然后,在您的代码中,您只需使用该链式事务管理器来协调您的数据库事务部分和 Rabbit 事务部分。
Now, there is still the potential that you commit your database part, but that your Rabbit transaction part fails.
现在,您仍有可能提交数据库部分,但 Rabbit 事务部分会失败。
So, imagine something like this:
所以,想象一下这样的事情:
@Retry
@Transactional("chainedTransactionManager")
public void myServiceOperation() {
if(workNotDone()) {
doDatabaseTransactionWork();
}
sendMessagesToRabbit();
}
In this manner, if your Rabbit transactional part failed for any reason, and you were forced to retry the entire chained transaction, you would avoid repeating the database side effects and simply make sure to send the failed message to Rabbit.
以这种方式,如果您的 Rabbit 事务部分由于任何原因失败,并且您被迫重试整个链式事务,您将避免重复数据库副作用,只需确保将失败的消息发送给 Rabbit。
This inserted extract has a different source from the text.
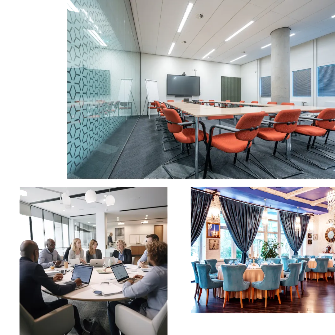Specialized spaces designed for training sessions, featuring on-site catering and support services.

At the same time, if your database part fails, then you never sent the message to Rabbit and there would be no problems.
同时,如果你的数据库部分出现故障,那么你永远不会向Rabbit发送消息,也不会有问题。
Alternatively, if your database side effects are idempotent, then you can skip the check, just reapply the database changes and just re-attempt to send the message to rabbit.
或者,如果您的数据库副作用是幂等的,那么您可以跳过检查,只需重新应用数据库更改并重新尝试将消息发送给 rabbit。
The truth is that initially what you're trying to do seems deceivingly easy, but once you delve into the different problems and understand them you realize it is a tricky business to do this the right way.
事实是,最初您尝试做的事情看似简单,但一旦您深入研究了不同的问题并理解了它们,您就会意识到以正确的方式做这件事是一件棘手的事情。